WHAT TO WORK ON:
When the line containing "La pareja española" is found in the data below, copy it and each line after it through the line containing "近期,福建省住房和城鄉建設廳", exactly and with no others.

RECORDS FOR THIS TASK:
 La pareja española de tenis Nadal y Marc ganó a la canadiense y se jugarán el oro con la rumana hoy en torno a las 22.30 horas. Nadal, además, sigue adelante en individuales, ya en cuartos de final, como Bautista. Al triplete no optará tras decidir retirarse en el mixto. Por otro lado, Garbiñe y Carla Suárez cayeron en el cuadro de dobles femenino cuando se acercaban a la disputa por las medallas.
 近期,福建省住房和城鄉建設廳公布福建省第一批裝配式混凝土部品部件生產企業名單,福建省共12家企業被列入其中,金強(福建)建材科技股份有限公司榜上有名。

* * *

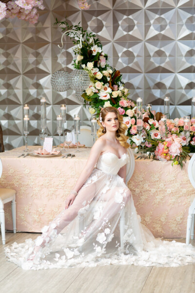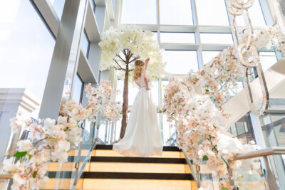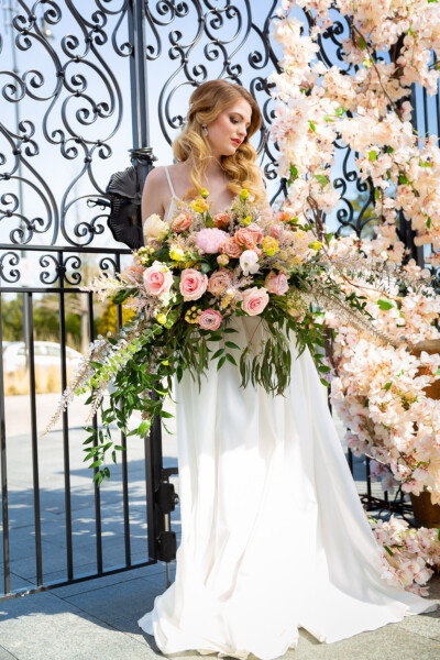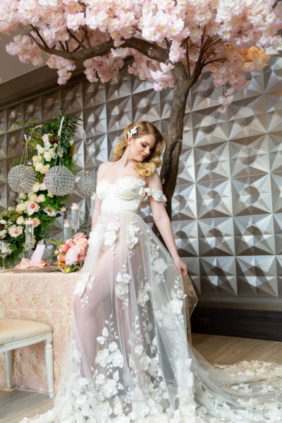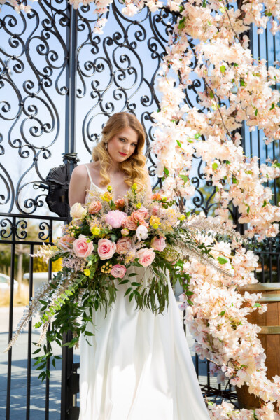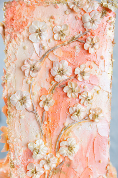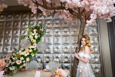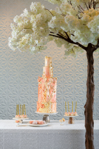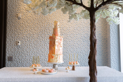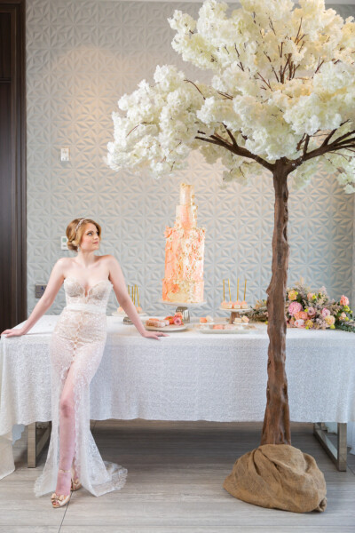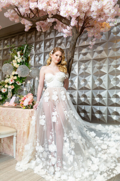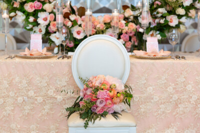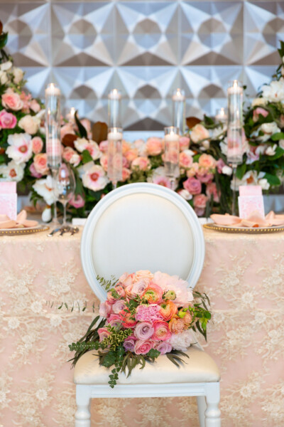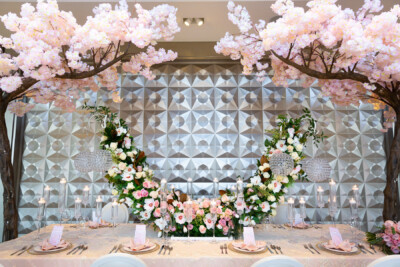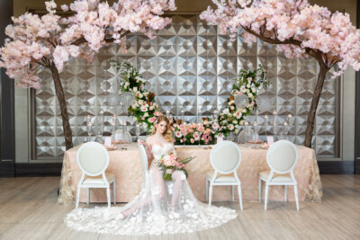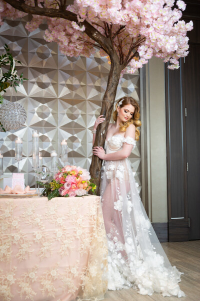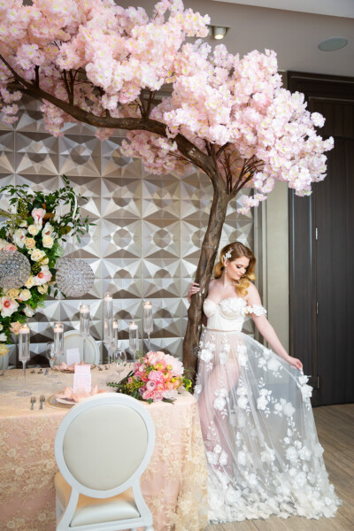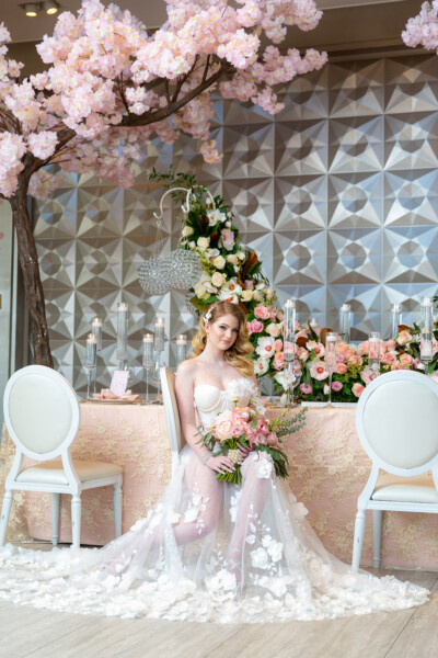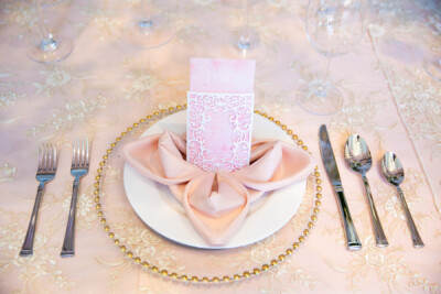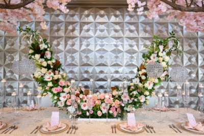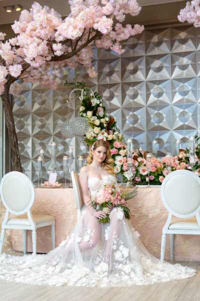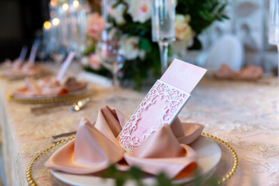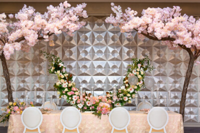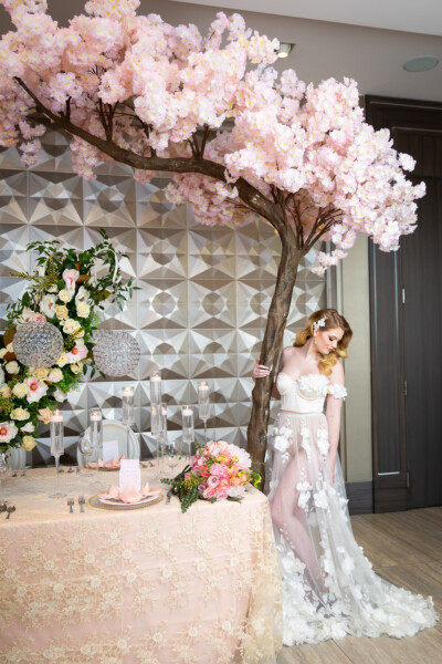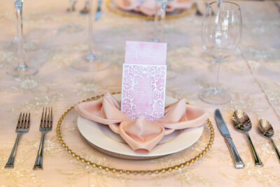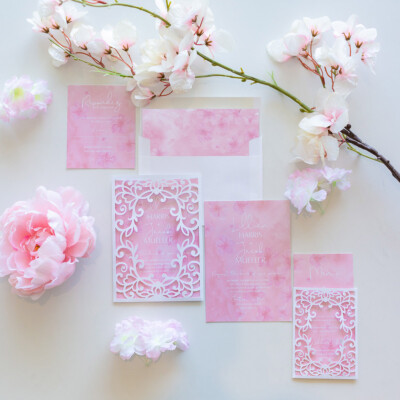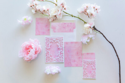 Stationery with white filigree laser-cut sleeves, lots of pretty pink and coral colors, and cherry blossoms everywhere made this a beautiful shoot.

--

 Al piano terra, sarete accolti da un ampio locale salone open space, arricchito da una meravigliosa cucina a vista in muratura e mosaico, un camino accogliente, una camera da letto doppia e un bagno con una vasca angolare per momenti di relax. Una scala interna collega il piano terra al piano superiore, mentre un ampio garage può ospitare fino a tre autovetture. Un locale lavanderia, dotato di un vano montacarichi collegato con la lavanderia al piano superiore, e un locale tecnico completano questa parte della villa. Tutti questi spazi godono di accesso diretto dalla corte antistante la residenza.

RESULT:
 La pareja española de tenis Nadal y Marc ganó a la canadiense y se jugarán el oro con la rumana hoy en torno a las 22.30 horas. Nadal, además, sigue adelante en individuales, ya en cuartos de final, como Bautista. Al triplete no optará tras decidir retirarse en el mixto. Por otro lado, Garbiñe y Carla Suárez cayeron en el cuadro de dobles femenino cuando se acercaban a la disputa por las medallas.
 近期,福建省住房和城鄉建設廳公布福建省第一批裝配式混凝土部品部件生產企業名單,福建省共12家企業被列入其中,金強(福建)建材科技股份有限公司榜上有名。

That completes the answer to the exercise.